L’Europe découvre la contrebande de mercure

Santé & Modes de vie

L’Europe découvre la contrebande de mercure

Le mercure est utilisé pour séparer l'or d'autres matériaux.

[CIFOR/Flickr]

Faute de contrôle efficace, des entreprises européennes exportent illégalement du mercure. Lequel se retrouve souvent dans les rivières des pays où se pratique l’orpaillage sauvage. Un article de notre partenaire, le Journal de l’Environnement.

Les exportations de mercure sont interdites depuis l’Union européenne depuis 2011. Reste que le vif-argent, connu pour ses effets toxiques sur les reins, les systèmes nerveux, cardiaque, gastrique, hématologique, immunitaire et reproductif, suscite toujours l’intérêt. C’est ce que démontre le bureau européen de l’environnement (EEB), à travers l’exemple d’une entreprise allemande accusée d’avoir illégalement vendu près de 1 000 tonnes de mercure au niveau européen. Un cas d’école qui illustre les lacunes de la Convention de Minamata de 2013. Les délégués des 128 pays qui l’ont signée (23 l’ont ratifiée pour l’heure, le seuil pour son entrée en vigueur est fixé à 50) se réunissent cette semaine en Jordanie.

Du mercure déguisé en déchet

Cette entreprise allemande de traitement des déchets, aujourd’hui disparue, aurait «déguisé le mercure en déchet et exporté au moins 500 tonnes vers la Suisse, la Grèce, les Pays-Bas». À quelles fins a été acheté ce mercure, vraisemblablement issu de l’industrie chimique (notamment employé pour produire du chlore et de la soude par électrolyse)? «Les autorités ne savent toujours pas où le mercure est passé, mais il est évident que la plupart des pays destinataires ont des liens commerciaux avérés avec des pays où l’on pratique l’orpaillage artisanal, à petite échelle. Une industrie qui rejette directement le mercure dans l’environnement, exposant aussi les mineurs et leurs familles à ce dangereux neurotoxique», détaille l’EEB.

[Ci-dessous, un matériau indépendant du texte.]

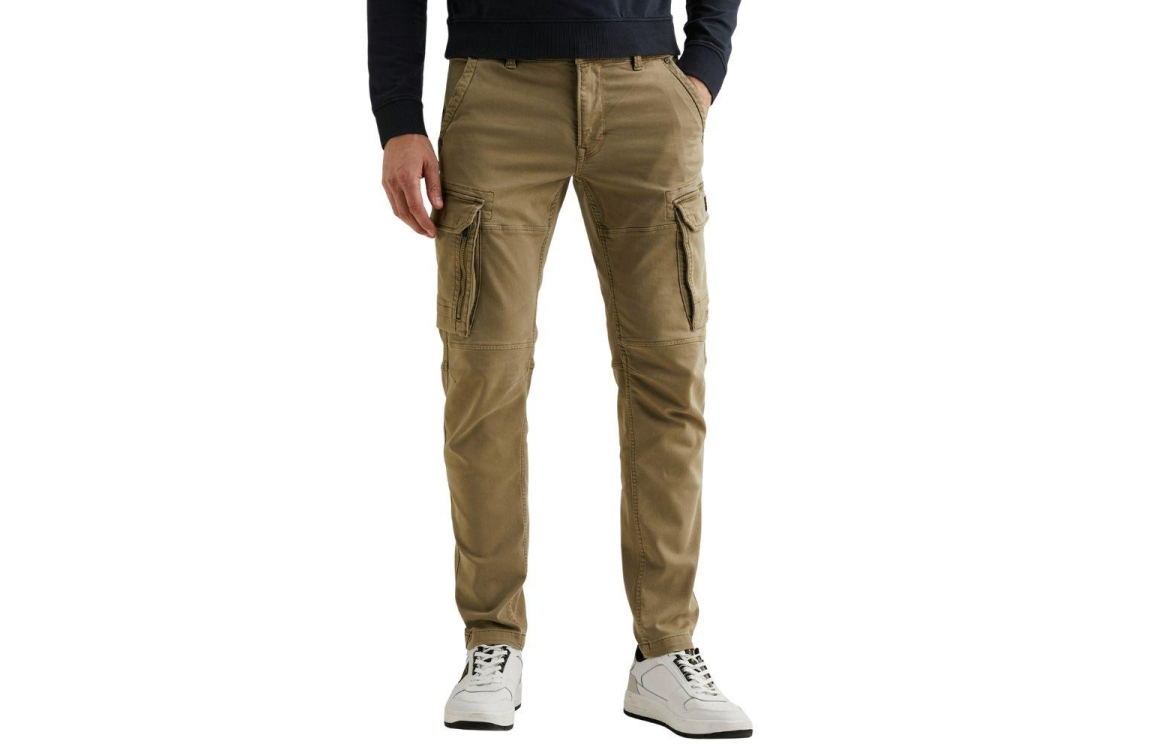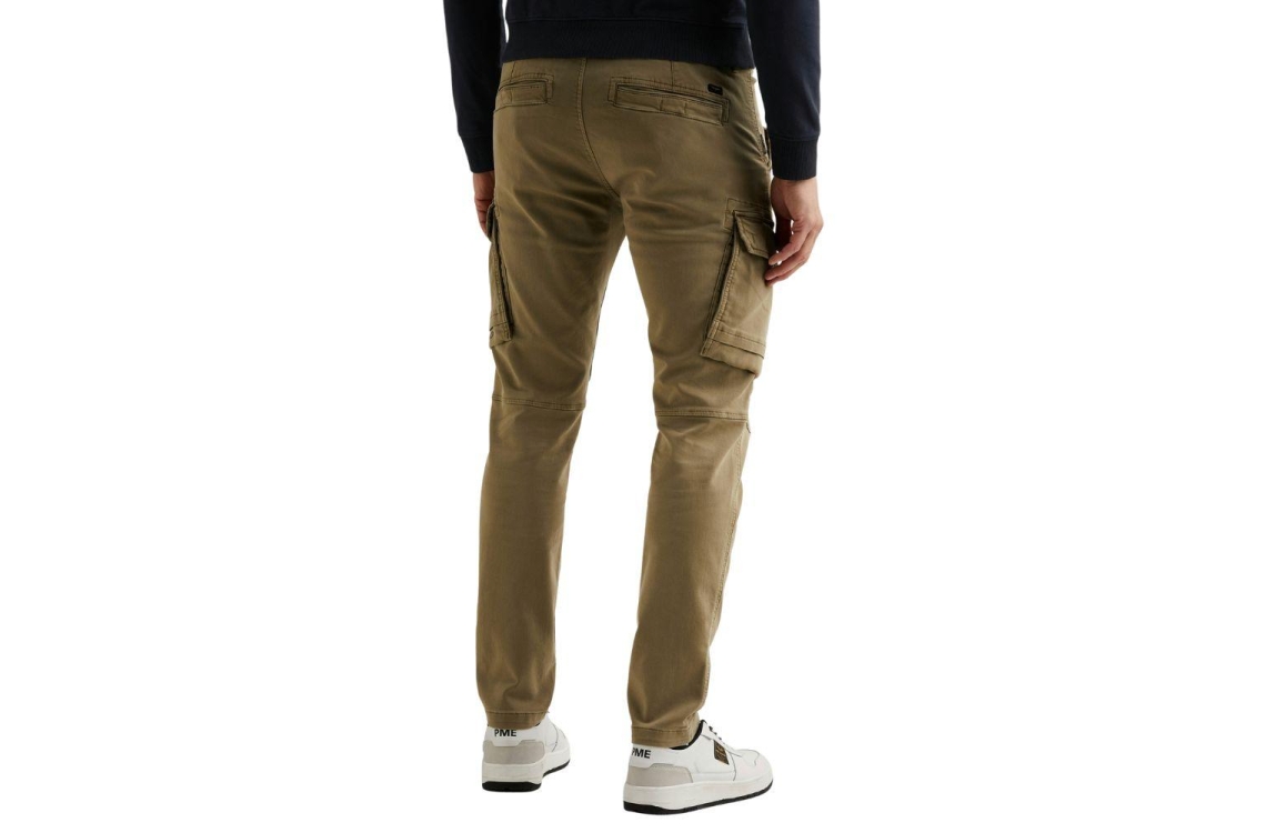 PME Legend broek PTR650001-6405. Dit cargo model is voorzien van een elastische tailleband met trekkoord, een knoop- en ritssluiting en ceintuurlussen. Deze groene broek van PME Legend is voorzien van verschillende zakken en is gedetailleerd met diverse ritsdetails en merkemblemen.

>> Lire : Des groupes écologistes appellent à l’étiquetage du taux de mercure des produits de la pêche

Un système de suivi

L’ONG plaide pour que l’Union européenne procède à un retour d’expérience sur les années qui viennent de s’écouler et modifie la réglementation. «Nous demandons à l’UE de mettre en place un système de suivi de ce commerce, pour enregistrer les exportations et les importations vers et au départ de l’Union, à l’intérieur des États membres et également au sein du secteur industriel», explique Elena Lymberidi-Settimo, en charge à l’EEB du programme ‘zéro mercure’. Car quantité de pays ne procèdent à aucun suivi des stocks de mercure, ce qui favorise la contrebande. L’efficacité de la Convention implique, selon l’EEB, de suivre en temps réel la production et la vente du mercure pour bien comprendre la situation des stocks et en réduire la quantité.